• Problem statement
Set down all of the data that follows word for word, without the images.

• Record extracts
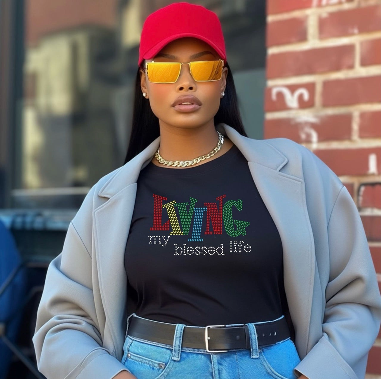 Embrace your blessings with our "Living My Blessed Life" rhinestone T-shirt. Featuring a colorful, sparkling design, this tee is a beautiful reminder to celebrate life's blessings every day. Made with soft and comfortable fabric, it's perfect for casual wear, church events, or simply sharing positivity wherever you go.
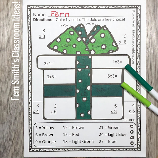 This Christmas Multiplication Color By Number resource for the ONE to TEN MULTIPLICATION FACTS is perfect for the countdown to Christmas in your classroom! Each page has only one skill, for example, Nine Times Tables is the cute as can be gingerbread girl! The gift box below, is all about the Three Times Tables!
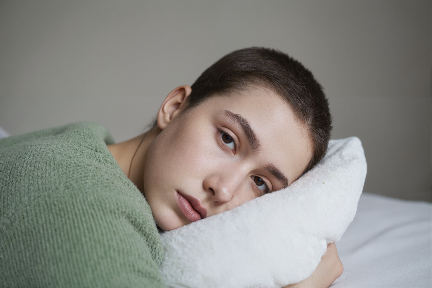 Young woman with short hair in a green sweater resting on a white pillow, gazing softly at the camera in a serene setting.
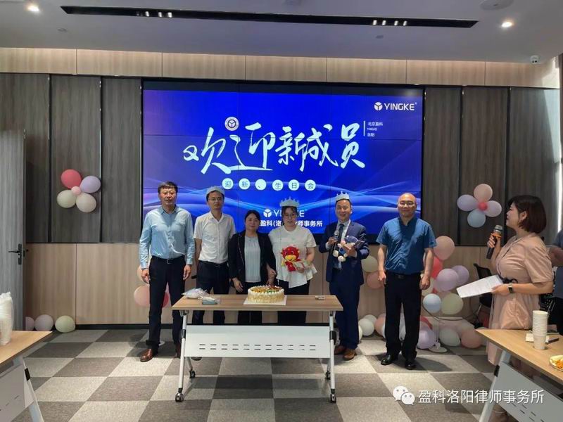 2021年6月3日下午,北京盈科(洛阳)律师事务所在会展国际16楼多媒体会议室举办了6月份的迎新、生日会活动,隆重欢迎新加盟的律师、实习律师以及行政人员,同时为6月份过生日的同事庆生,献上律所全体人员最真挚的祝福。
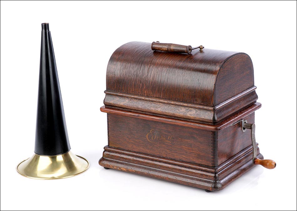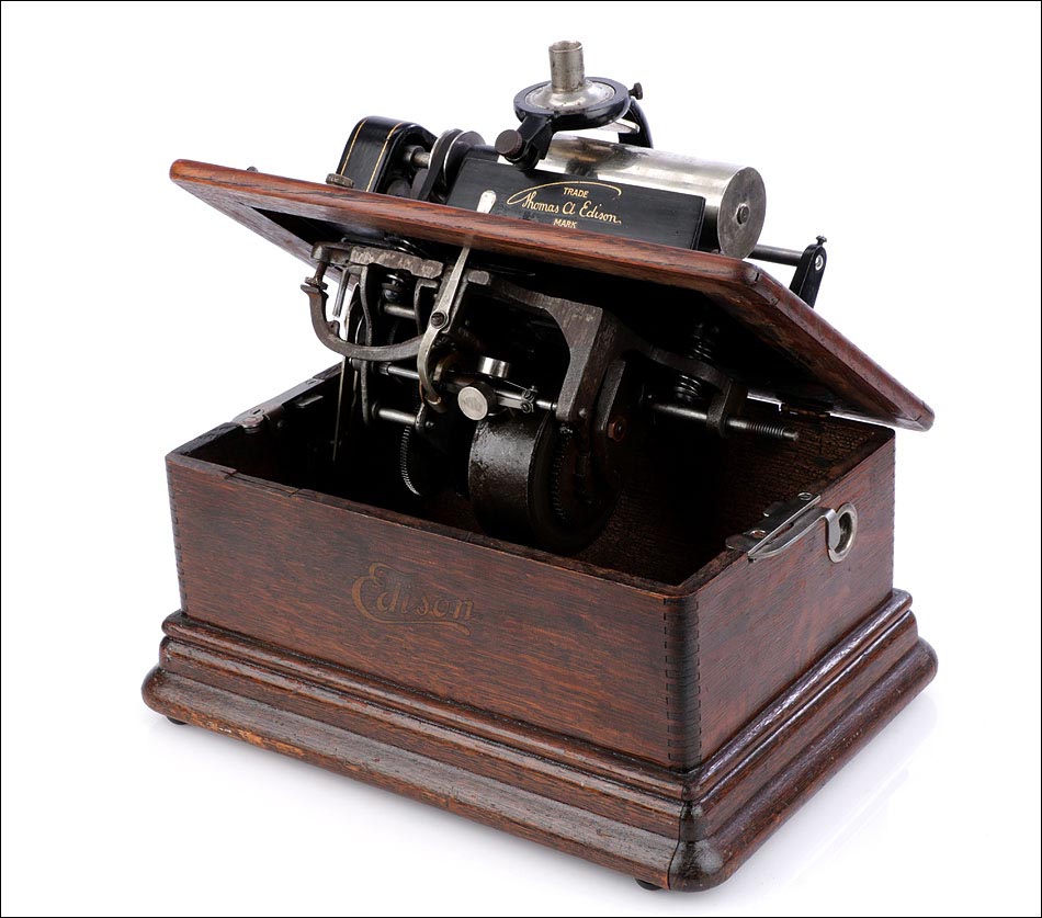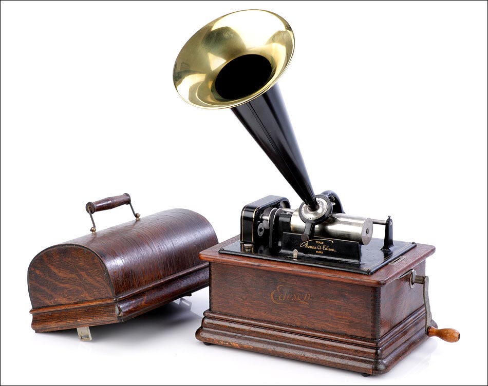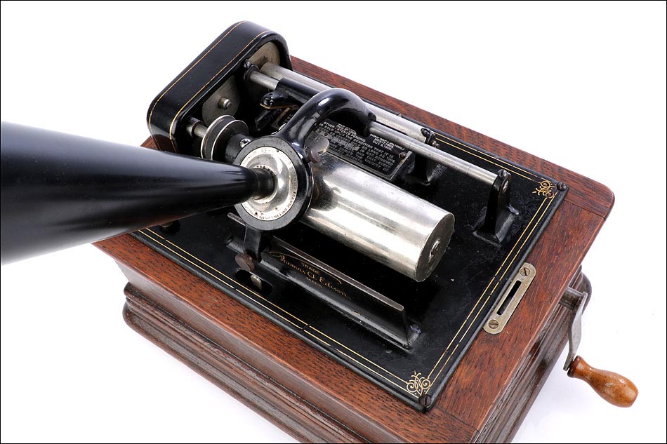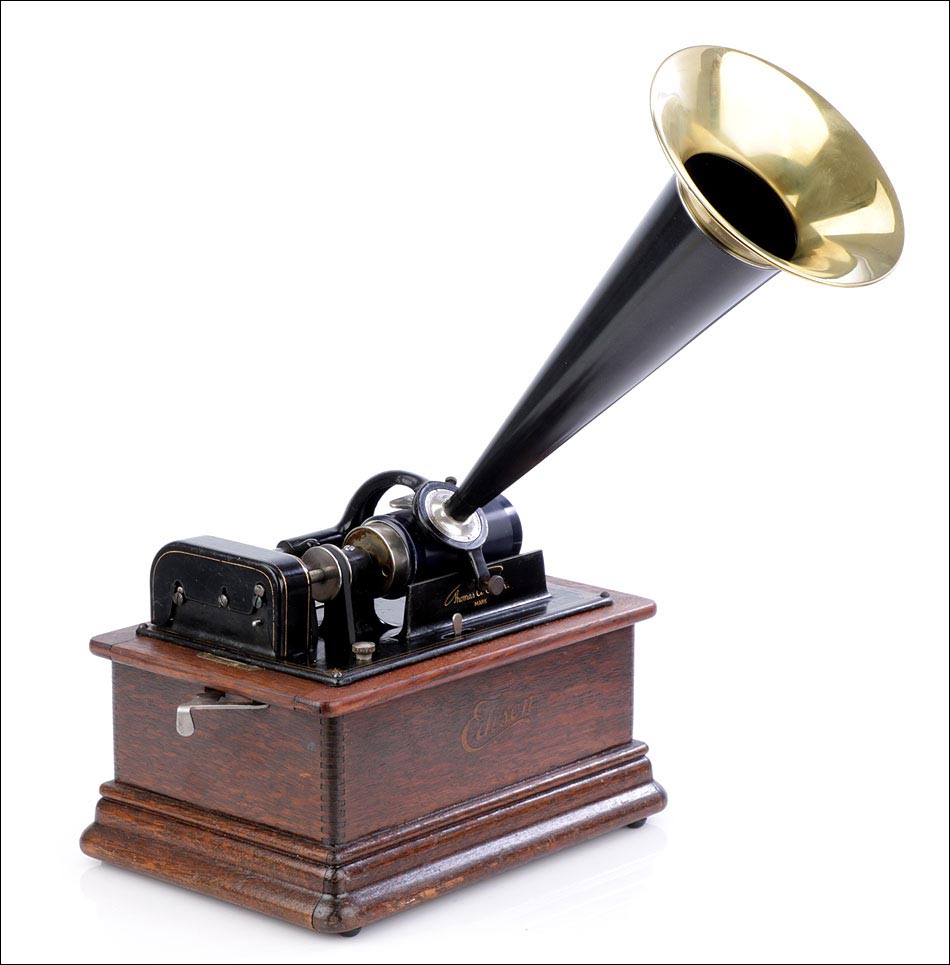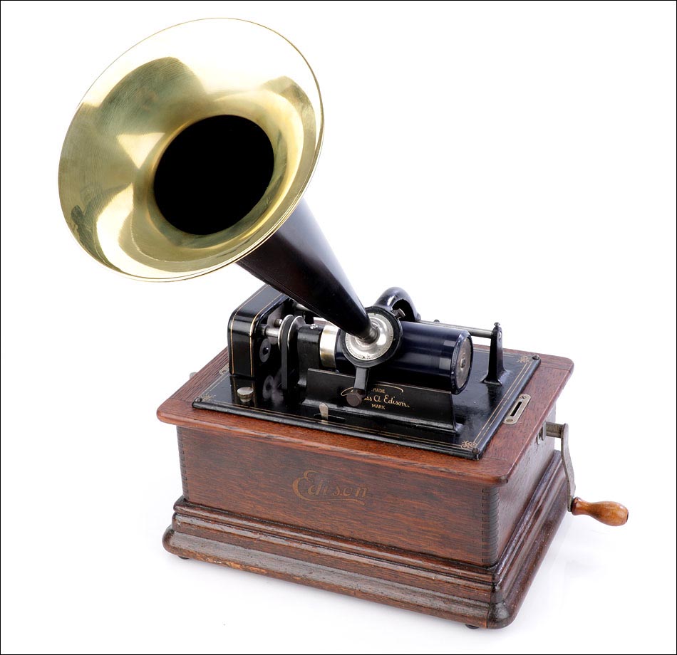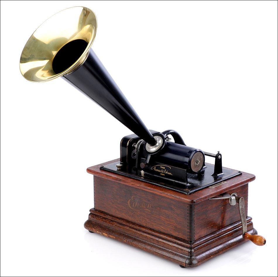 El primer fonógrafo fue creado por Thomas A. Edison a partir de dos aparatos ya existentes: el telégrafo y el teléfono. En 1877, Edison decidió crear una máquina pudiera grabar mensajes mediante perforaciones para luego reenviarlos de nuevo. Tras cambiar el papel por un cilindro de metal, realizó la famosa grabación de la rima infantil “Mary had a Little lamb” (“Mary tenía un corderito”), cuando reprodujo el cilindro, para su asombro la máquina repitió la rima. Edison patentó su invención el 24 de diciembre de 1877. La primera empresa fundada por Edison, The Edison Speaking Phonograph Company, se fundó al año siguiente para exhibir la máquina con fines comerciales. No fue hasta 1887 cuando se creó The Edison Phonograph Company, destinada ya a comercializar fonógrafos. En 1894 el inventor declaró en bancarrota la North American Phonograph Company para poder recuperar los derechos de su invento, y e 1896 fundó la National Phonograph Company con el objetivo de comercializar fonógrafos de uso doméstico. El éxito propició la apertura de filiales de la marca en distintos puntos de Europa. Ya en 1910 la firma se reorganizó bajo el nombre de Thomas A. Edison Inc.; el inventor nunca quiso dejar de fabricar cilindros y pasarse al pujante mercado de los discos para gramófono, lo que supuso el debacle de la empresa, que desapareció en 1929.
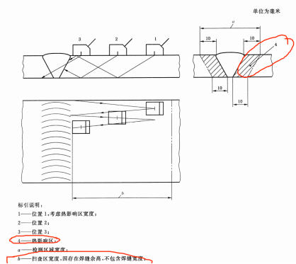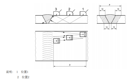 掃查面應足夠寬,以確保聲束覆蓋整個檢測區域(見圖2)。或者,如果能實現焊接接頭雙面掃查以確保聲束覆蓋整個檢測區域,可縮短掃查面寬度。掃查面表面應平滑,無焊接飛濺、鐵屑、油垢及其他外部雜質。掃查面表面的不平整度,不應引起探頭和檢測表面的間隙大于0.5mm。如果間隙超標,應修整掃查面表面。當遇到表面局部變化,如沿著焊趾掃查,導致探頭與表面的間隙大于1mm時,僅當在受影響部位增加至少一個其他角度的探頭進行補充掃查時才能被允許。該補充掃查應解決因間隙超標引起聲束未覆蓋整個檢測區域的問題。掃查面和聲束反射面應允許無于擾的耦合劑和反射物。
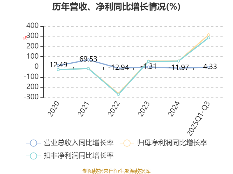 资产重大变化方面,截至2025年三季度末,公司固定资产较上年末增加3.94%,占公司总资产比重上升3.62个百分点;在建工程合计较上年末减少36.93%,占公司总资产比重下降3.09个百分点;货币资金较上年末减少19.09%,占公司总资产比重下降1.42个百分点;应收款项融资较上年末增加171.42%,占公司总资产比重上升1.32个百分点。
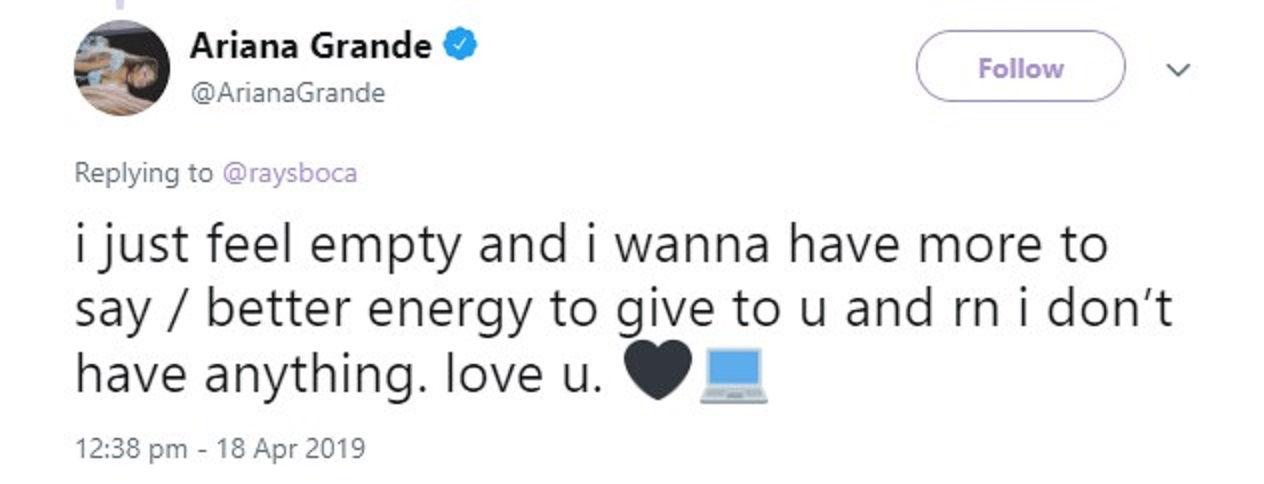 アリアナは、一連の発言を「今はなんだか空っぽな気分。何かもっと言えることがあったらいいのに。みんなにとってもっとポジティブになれるエネルギーとかね。でも、今の私には何もないの。愛してるわ」というコメントで締めくくっている。
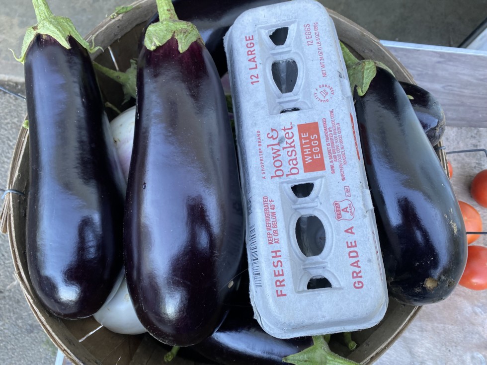 I went through the eggplant row tonight. I found these big eggplant. This is from the variety classic. I highly recommend classic to anyone looking to grow big plants. With lots of eggplant. It tends to resist disease a bit better too.
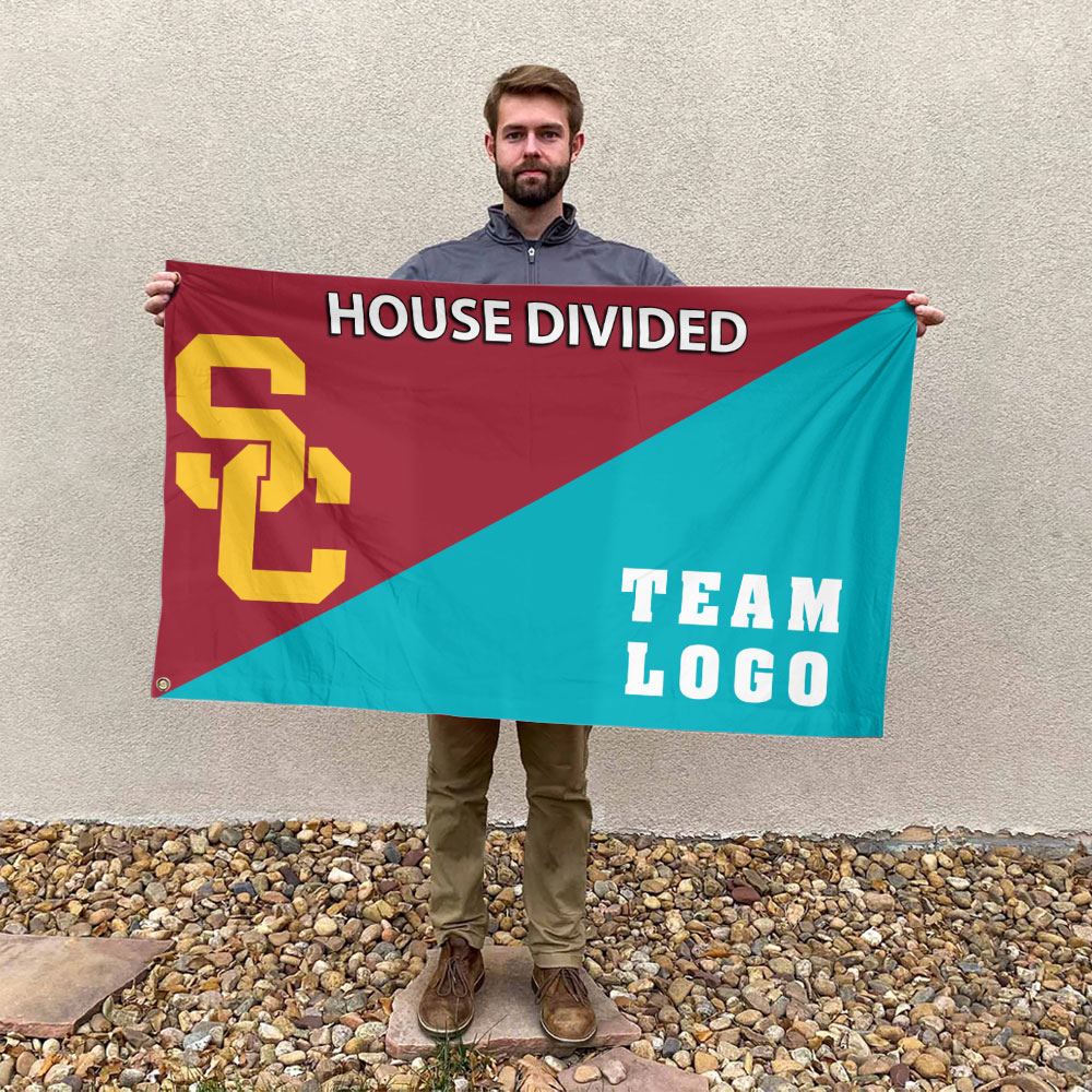 Trojans vs Custom Team House Divided Flag for Ultimate Fan Rivalry

• Output
 Embrace your blessings with our "Living My Blessed Life" rhinestone T-shirt. Featuring a colorful, sparkling design, this tee is a beautiful reminder to celebrate life's blessings every day. Made with soft and comfortable fabric, it's perfect for casual wear, church events, or simply sharing positivity wherever you go.
 This Christmas Multiplication Color By Number resource for the ONE to TEN MULTIPLICATION FACTS is perfect for the countdown to Christmas in your classroom! Each page has only one skill, for example, Nine Times Tables is the cute as can be gingerbread girl! The gift box below, is all about the Three Times Tables!
 Young woman with short hair in a green sweater resting on a white pillow, gazing softly at the camera in a serene setting.
 2021年6月3日下午,北京盈科(洛阳)律师事务所在会展国际16楼多媒体会议室举办了6月份的迎新、生日会活动,隆重欢迎新加盟的律师、实习律师以及行政人员,同时为6月份过生日的同事庆生,献上律所全体人员最真挚的祝福。
 El primer fonógrafo fue creado por Thomas A. Edison a partir de dos aparatos ya existentes: el telégrafo y el teléfono. En 1877, Edison decidió crear una máquina pudiera grabar mensajes mediante perforaciones para luego reenviarlos de nuevo. Tras cambiar el papel por un cilindro de metal, realizó la famosa grabación de la rima infantil “Mary had a Little lamb” (“Mary tenía un corderito”), cuando reprodujo el cilindro, para su asombro la máquina repitió la rima. Edison patentó su invención el 24 de diciembre de 1877. La primera empresa fundada por Edison, The Edison Speaking Phonograph Company, se fundó al año siguiente para exhibir la máquina con fines comerciales. No fue hasta 1887 cuando se creó The Edison Phonograph Company, destinada ya a comercializar fonógrafos. En 1894 el inventor declaró en bancarrota la North American Phonograph Company para poder recuperar los derechos de su invento, y e 1896 fundó la National Phonograph Company con el objetivo de comercializar fonógrafos de uso doméstico. El éxito propició la apertura de filiales de la marca en distintos puntos de Europa. Ya en 1910 la firma se reorganizó bajo el nombre de Thomas A. Edison Inc.; el inventor nunca quiso dejar de fabricar cilindros y pasarse al pujante mercado de los discos para gramófono, lo que supuso el debacle de la empresa, que desapareció en 1929.
 掃查面應足夠寬,以確保聲束覆蓋整個檢測區域(見圖2)。或者,如果能實現焊接接頭雙面掃查以確保聲束覆蓋整個檢測區域,可縮短掃查面寬度。掃查面表面應平滑,無焊接飛濺、鐵屑、油垢及其他外部雜質。掃查面表面的不平整度,不應引起探頭和檢測表面的間隙大于0.5mm。如果間隙超標,應修整掃查面表面。當遇到表面局部變化,如沿著焊趾掃查,導致探頭與表面的間隙大于1mm時,僅當在受影響部位增加至少一個其他角度的探頭進行補充掃查時才能被允許。該補充掃查應解決因間隙超標引起聲束未覆蓋整個檢測區域的問題。掃查面和聲束反射面應允許無于擾的耦合劑和反射物。
 资产重大变化方面,截至2025年三季度末,公司固定资产较上年末增加3.94%,占公司总资产比重上升3.62个百分点;在建工程合计较上年末减少36.93%,占公司总资产比重下降3.09个百分点;货币资金较上年末减少19.09%,占公司总资产比重下降1.42个百分点;应收款项融资较上年末增加171.42%,占公司总资产比重上升1.32个百分点。
 アリアナは、一連の発言を「今はなんだか空っぽな気分。何かもっと言えることがあったらいいのに。みんなにとってもっとポジティブになれるエネルギーとかね。でも、今の私には何もないの。愛してるわ」というコメントで締めくくっている。
 I went through the eggplant row tonight. I found these big eggplant. This is from the variety classic. I highly recommend classic to anyone looking to grow big plants. With lots of eggplant. It tends to resist disease a bit better too.
 Trojans vs Custom Team House Divided Flag for Ultimate Fan Rivalry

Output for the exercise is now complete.